[Saved data entries]
■ ■ ■ ■

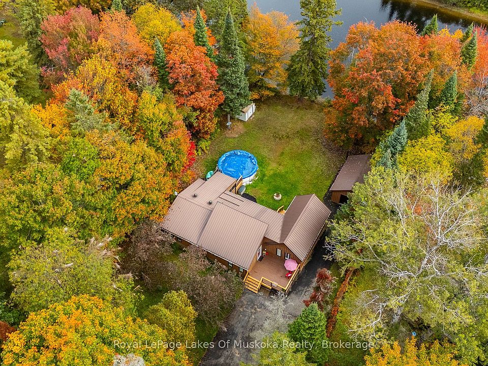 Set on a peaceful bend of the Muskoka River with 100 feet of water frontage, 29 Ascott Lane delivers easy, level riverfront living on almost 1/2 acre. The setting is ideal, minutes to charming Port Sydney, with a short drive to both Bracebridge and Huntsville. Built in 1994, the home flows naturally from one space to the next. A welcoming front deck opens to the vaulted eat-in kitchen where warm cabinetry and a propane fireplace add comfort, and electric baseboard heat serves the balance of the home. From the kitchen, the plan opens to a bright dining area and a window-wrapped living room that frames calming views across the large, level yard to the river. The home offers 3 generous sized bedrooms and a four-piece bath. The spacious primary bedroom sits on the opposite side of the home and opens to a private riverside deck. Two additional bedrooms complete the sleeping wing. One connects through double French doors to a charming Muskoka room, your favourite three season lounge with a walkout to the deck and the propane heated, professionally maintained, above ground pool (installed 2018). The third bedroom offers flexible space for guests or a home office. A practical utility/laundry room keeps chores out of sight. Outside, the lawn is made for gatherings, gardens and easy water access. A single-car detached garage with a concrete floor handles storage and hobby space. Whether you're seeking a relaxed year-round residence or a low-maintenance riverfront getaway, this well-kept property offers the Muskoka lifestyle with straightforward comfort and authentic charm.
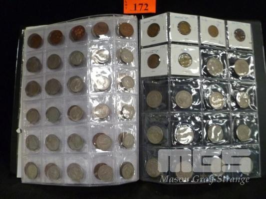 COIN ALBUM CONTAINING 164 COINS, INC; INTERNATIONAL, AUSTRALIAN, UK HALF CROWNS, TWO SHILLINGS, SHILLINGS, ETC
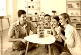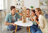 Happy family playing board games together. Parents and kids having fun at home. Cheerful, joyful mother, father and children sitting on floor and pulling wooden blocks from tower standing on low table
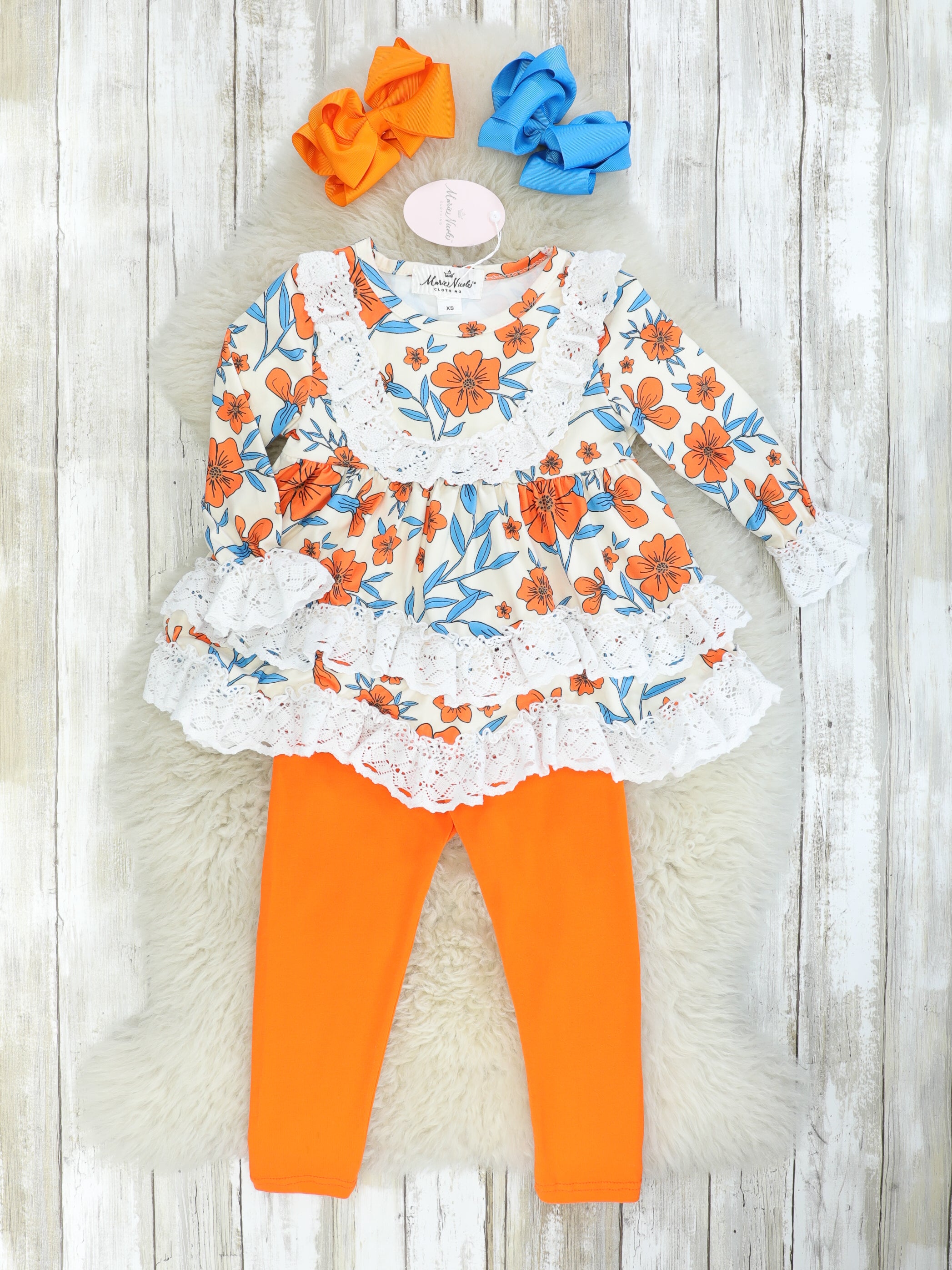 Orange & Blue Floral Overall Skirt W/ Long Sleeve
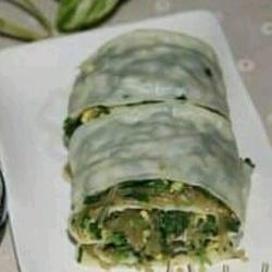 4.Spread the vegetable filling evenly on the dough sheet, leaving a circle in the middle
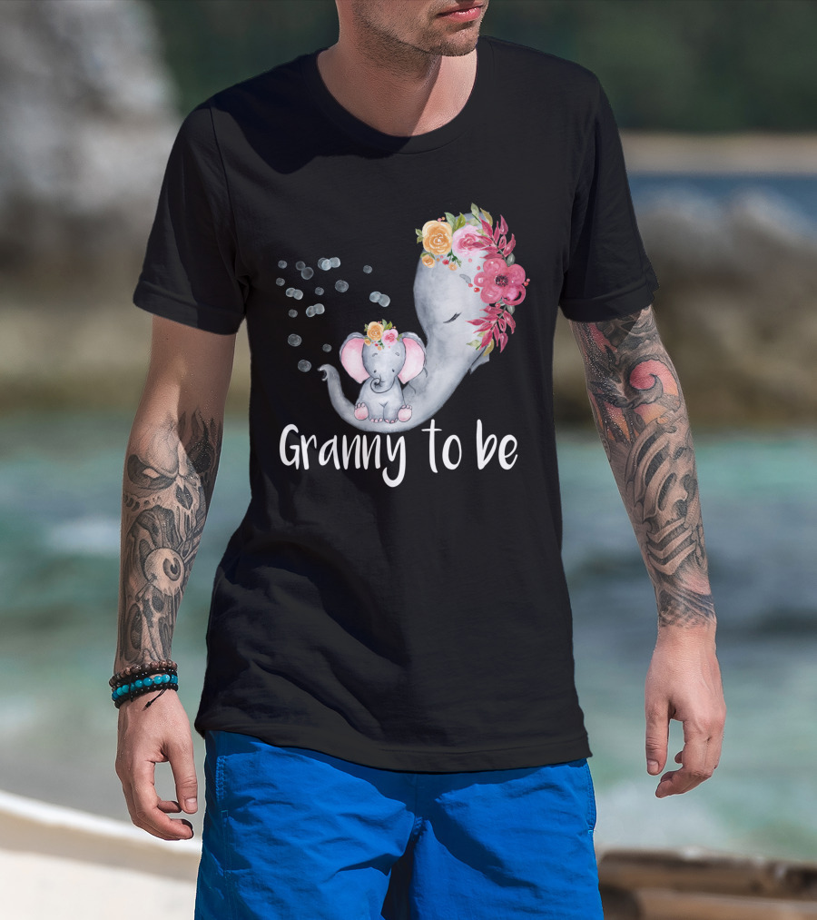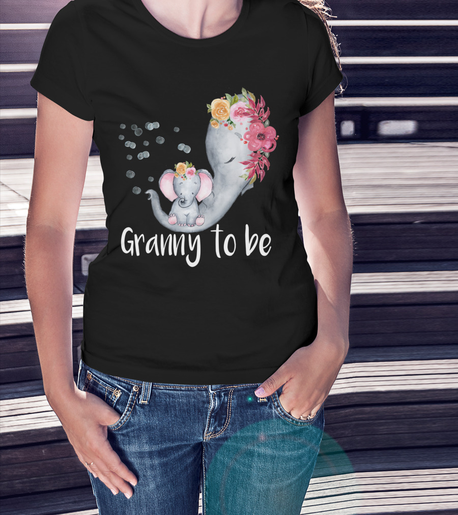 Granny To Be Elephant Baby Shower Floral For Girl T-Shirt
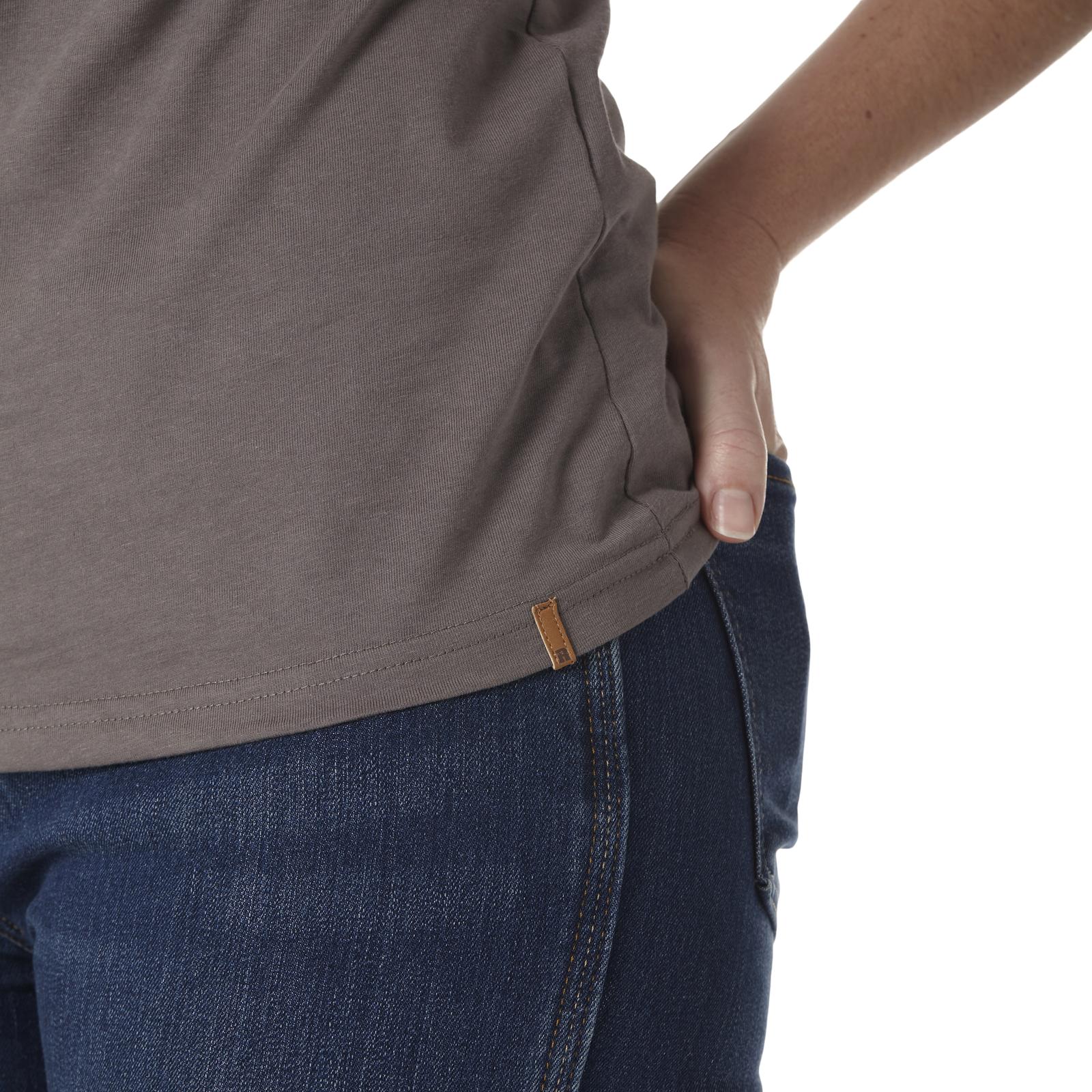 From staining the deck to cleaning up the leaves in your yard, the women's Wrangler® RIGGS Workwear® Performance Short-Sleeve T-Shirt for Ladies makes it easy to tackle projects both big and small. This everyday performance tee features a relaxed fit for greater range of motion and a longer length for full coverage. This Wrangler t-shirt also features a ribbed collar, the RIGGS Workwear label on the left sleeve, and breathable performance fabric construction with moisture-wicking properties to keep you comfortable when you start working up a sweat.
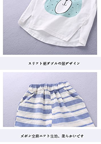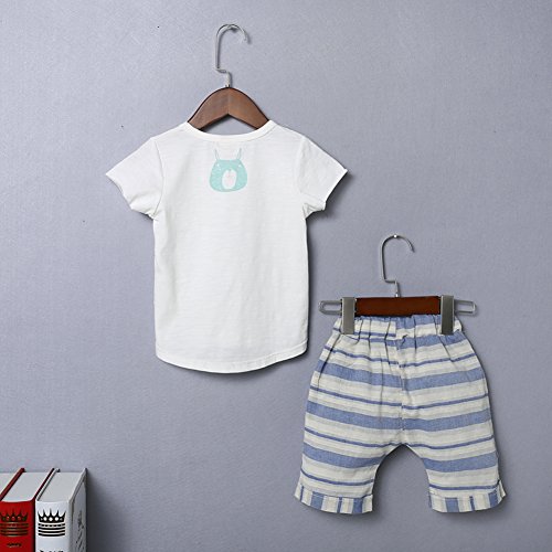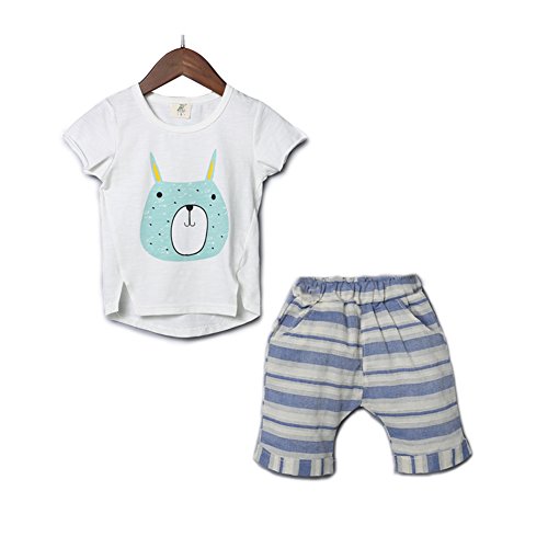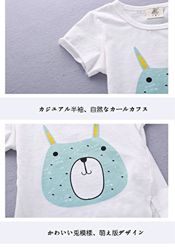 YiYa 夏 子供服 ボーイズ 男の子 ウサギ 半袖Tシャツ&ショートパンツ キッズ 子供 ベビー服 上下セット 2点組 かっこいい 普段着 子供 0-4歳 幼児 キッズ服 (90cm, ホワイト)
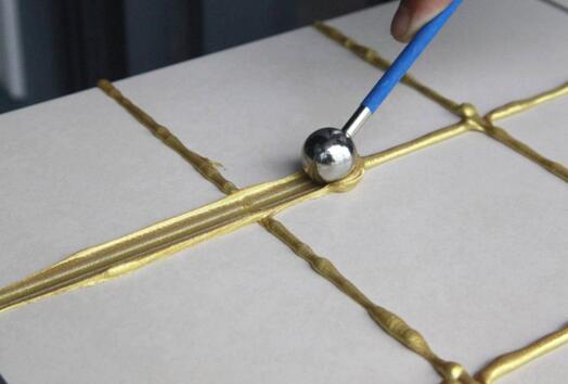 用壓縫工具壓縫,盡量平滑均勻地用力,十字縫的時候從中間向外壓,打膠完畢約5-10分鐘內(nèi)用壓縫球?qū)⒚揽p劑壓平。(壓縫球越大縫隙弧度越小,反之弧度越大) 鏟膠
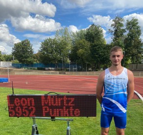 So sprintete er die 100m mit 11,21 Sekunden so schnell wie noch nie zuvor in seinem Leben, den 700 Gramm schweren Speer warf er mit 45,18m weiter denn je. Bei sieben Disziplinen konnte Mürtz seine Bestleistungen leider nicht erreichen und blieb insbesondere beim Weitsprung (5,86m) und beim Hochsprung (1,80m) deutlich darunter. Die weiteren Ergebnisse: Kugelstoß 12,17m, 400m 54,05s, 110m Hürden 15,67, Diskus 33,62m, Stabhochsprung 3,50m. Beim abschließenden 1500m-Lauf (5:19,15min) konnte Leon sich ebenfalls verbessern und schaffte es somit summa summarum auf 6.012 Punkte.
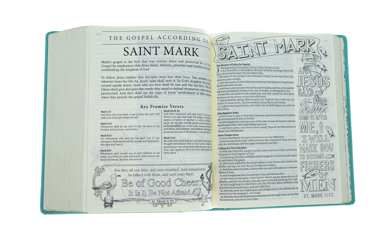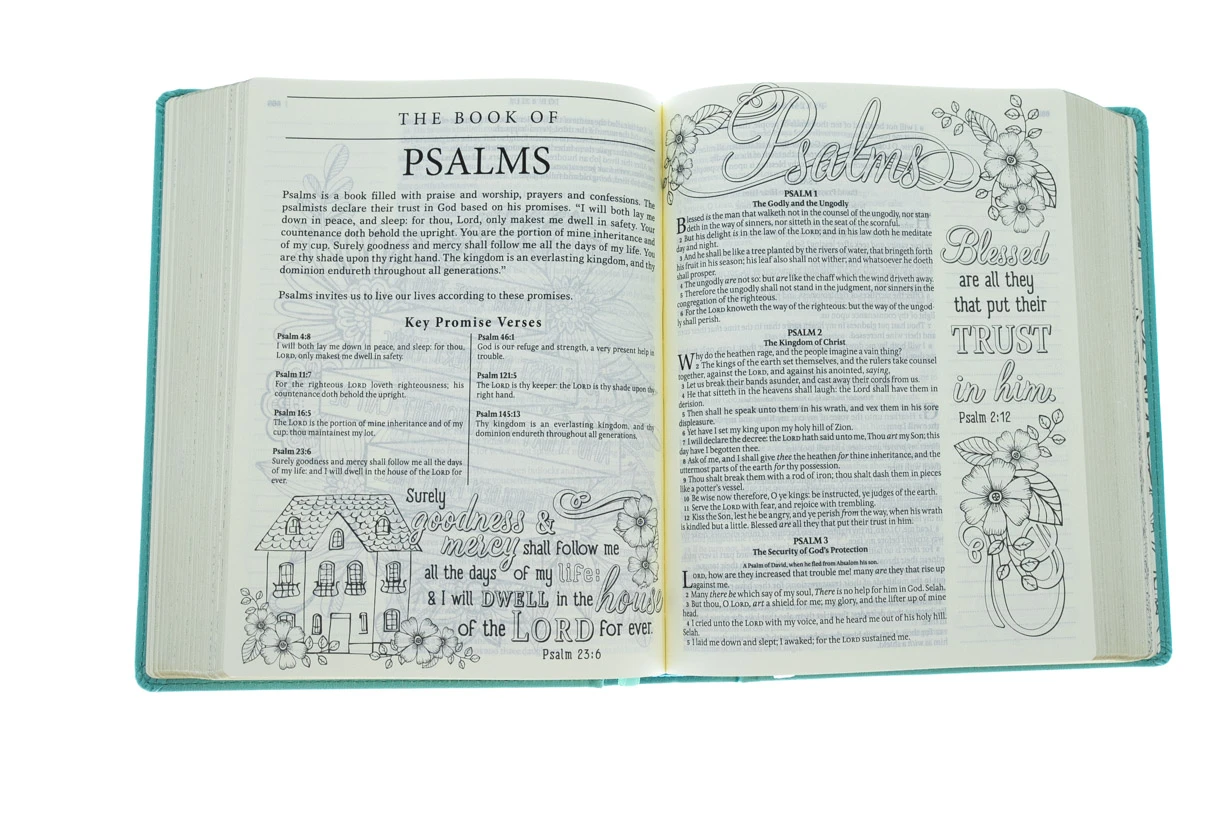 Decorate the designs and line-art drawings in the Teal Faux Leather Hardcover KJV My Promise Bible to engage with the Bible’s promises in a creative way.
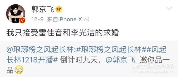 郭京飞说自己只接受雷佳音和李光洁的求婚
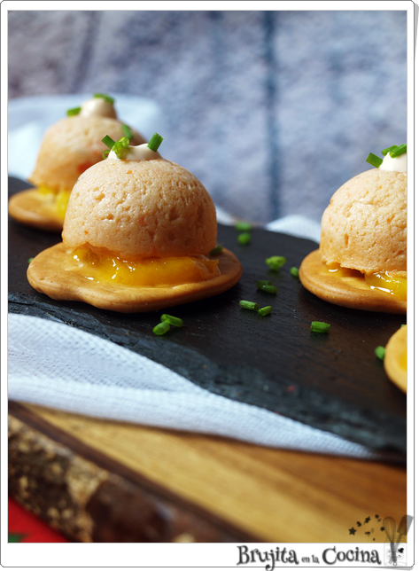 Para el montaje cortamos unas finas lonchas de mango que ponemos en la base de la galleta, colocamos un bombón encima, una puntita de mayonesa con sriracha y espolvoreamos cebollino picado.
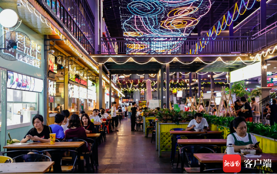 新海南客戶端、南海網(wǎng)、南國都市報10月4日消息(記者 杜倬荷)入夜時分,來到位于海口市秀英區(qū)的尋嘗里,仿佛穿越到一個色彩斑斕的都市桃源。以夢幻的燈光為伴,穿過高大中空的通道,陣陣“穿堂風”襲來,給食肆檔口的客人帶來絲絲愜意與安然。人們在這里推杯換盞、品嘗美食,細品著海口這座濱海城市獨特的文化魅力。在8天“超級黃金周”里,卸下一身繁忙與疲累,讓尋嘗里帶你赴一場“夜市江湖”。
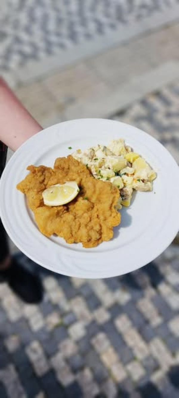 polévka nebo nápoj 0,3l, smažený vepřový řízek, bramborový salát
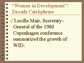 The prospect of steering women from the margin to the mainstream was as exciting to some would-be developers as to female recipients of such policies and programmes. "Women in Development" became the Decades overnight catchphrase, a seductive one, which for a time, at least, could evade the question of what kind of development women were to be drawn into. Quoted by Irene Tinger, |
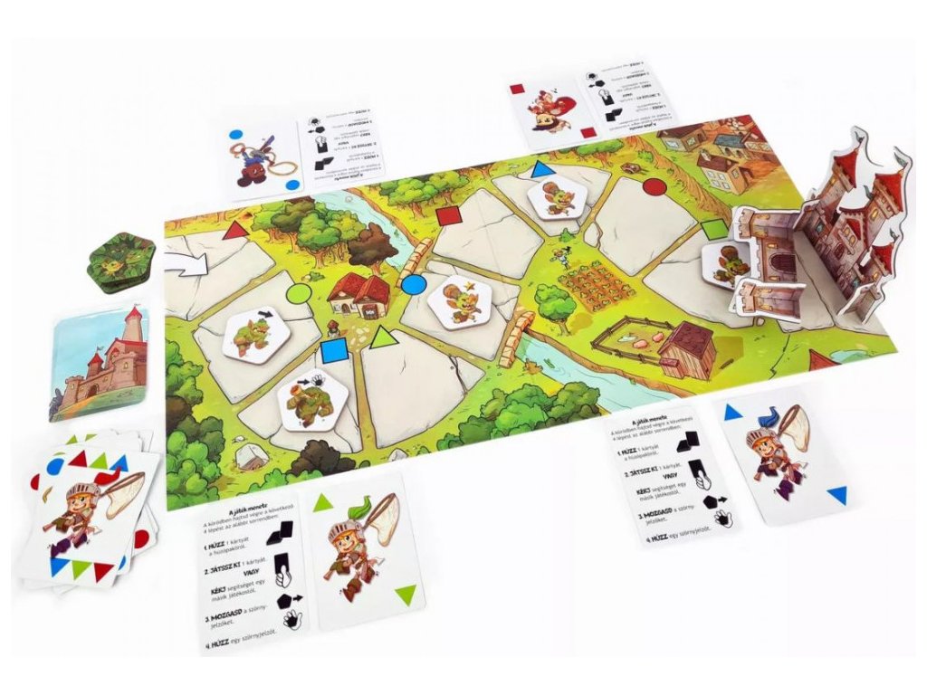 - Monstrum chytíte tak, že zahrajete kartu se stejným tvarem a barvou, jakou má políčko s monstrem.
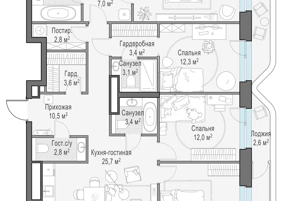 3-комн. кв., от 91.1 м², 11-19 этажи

■ ■ ■ ■

Hand back the records above exactly, leaving out every picture.

 Set on a peaceful bend of the Muskoka River with 100 feet of water frontage, 29 Ascott Lane delivers easy, level riverfront living on almost 1/2 acre. The setting is ideal, minutes to charming Port Sydney, with a short drive to both Bracebridge and Huntsville. Built in 1994, the home flows naturally from one space to the next. A welcoming front deck opens to the vaulted eat-in kitchen where warm cabinetry and a propane fireplace add comfort, and electric baseboard heat serves the balance of the home. From the kitchen, the plan opens to a bright dining area and a window-wrapped living room that frames calming views across the large, level yard to the river. The home offers 3 generous sized bedrooms and a four-piece bath. The spacious primary bedroom sits on the opposite side of the home and opens to a private riverside deck. Two additional bedrooms complete the sleeping wing. One connects through double French doors to a charming Muskoka room, your favourite three season lounge with a walkout to the deck and the propane heated, professionally maintained, above ground pool (installed 2018). The third bedroom offers flexible space for guests or a home office. A practical utility/laundry room keeps chores out of sight. Outside, the lawn is made for gatherings, gardens and easy water access. A single-car detached garage with a concrete floor handles storage and hobby space. Whether you're seeking a relaxed year-round residence or a low-maintenance riverfront getaway, this well-kept property offers the Muskoka lifestyle with straightforward comfort and authentic charm.
 COIN ALBUM CONTAINING 164 COINS, INC; INTERNATIONAL, AUSTRALIAN, UK HALF CROWNS, TWO SHILLINGS, SHILLINGS, ETC
 Happy family playing board games together. Parents and kids having fun at home. Cheerful, joyful mother, father and children sitting on floor and pulling wooden blocks from tower standing on low table
 Orange & Blue Floral Overall Skirt W/ Long Sleeve
 4.Spread the vegetable filling evenly on the dough sheet, leaving a circle in the middle
 Granny To Be Elephant Baby Shower Floral For Girl T-Shirt
 From staining the deck to cleaning up the leaves in your yard, the women's Wrangler® RIGGS Workwear® Performance Short-Sleeve T-Shirt for Ladies makes it easy to tackle projects both big and small. This everyday performance tee features a relaxed fit for greater range of motion and a longer length for full coverage. This Wrangler t-shirt also features a ribbed collar, the RIGGS Workwear label on the left sleeve, and breathable performance fabric construction with moisture-wicking properties to keep you comfortable when you start working up a sweat.
 YiYa 夏 子供服 ボーイズ 男の子 ウサギ 半袖Tシャツ&ショートパンツ キッズ 子供 ベビー服 上下セット 2点組 かっこいい 普段着 子供 0-4歳 幼児 キッズ服 (90cm, ホワイト)
 用壓縫工具壓縫,盡量平滑均勻地用力,十字縫的時候從中間向外壓,打膠完畢約5-10分鐘內(nèi)用壓縫球?qū)⒚揽p劑壓平。(壓縫球越大縫隙弧度越小,反之弧度越大) 鏟膠
 So sprintete er die 100m mit 11,21 Sekunden so schnell wie noch nie zuvor in seinem Leben, den 700 Gramm schweren Speer warf er mit 45,18m weiter denn je. Bei sieben Disziplinen konnte Mürtz seine Bestleistungen leider nicht erreichen und blieb insbesondere beim Weitsprung (5,86m) und beim Hochsprung (1,80m) deutlich darunter. Die weiteren Ergebnisse: Kugelstoß 12,17m, 400m 54,05s, 110m Hürden 15,67, Diskus 33,62m, Stabhochsprung 3,50m. Beim abschließenden 1500m-Lauf (5:19,15min) konnte Leon sich ebenfalls verbessern und schaffte es somit summa summarum auf 6.012 Punkte.
 Decorate the designs and line-art drawings in the Teal Faux Leather Hardcover KJV My Promise Bible to engage with the Bible’s promises in a creative way.
 郭京飞说自己只接受雷佳音和李光洁的求婚
 Para el montaje cortamos unas finas lonchas de mango que ponemos en la base de la galleta, colocamos un bombón encima, una puntita de mayonesa con sriracha y espolvoreamos cebollino picado.
 新海南客戶端、南海網(wǎng)、南國都市報10月4日消息(記者 杜倬荷)入夜時分,來到位于海口市秀英區(qū)的尋嘗里,仿佛穿越到一個色彩斑斕的都市桃源。以夢幻的燈光為伴,穿過高大中空的通道,陣陣“穿堂風”襲來,給食肆檔口的客人帶來絲絲愜意與安然。人們在這里推杯換盞、品嘗美食,細品著海口這座濱海城市獨特的文化魅力。在8天“超級黃金周”里,卸下一身繁忙與疲累,讓尋嘗里帶你赴一場“夜市江湖”。
 polévka nebo nápoj 0,3l, smažený vepřový řízek, bramborový salát
 The prospect of steering women from the margin to the mainstream was as exciting to some would-be developers as to female recipients of such policies and programmes. "Women in Development" became the Decades overnight catchphrase, a seductive one, which for a time, at least, could evade the question of what kind of development women were to be drawn into. Quoted by Irene Tinger, |
 - Monstrum chytíte tak, že zahrajete kartu se stejným tvarem a barvou, jakou má políčko s monstrem.
 3-комн. кв., от 91.1 м², 11-19 этажи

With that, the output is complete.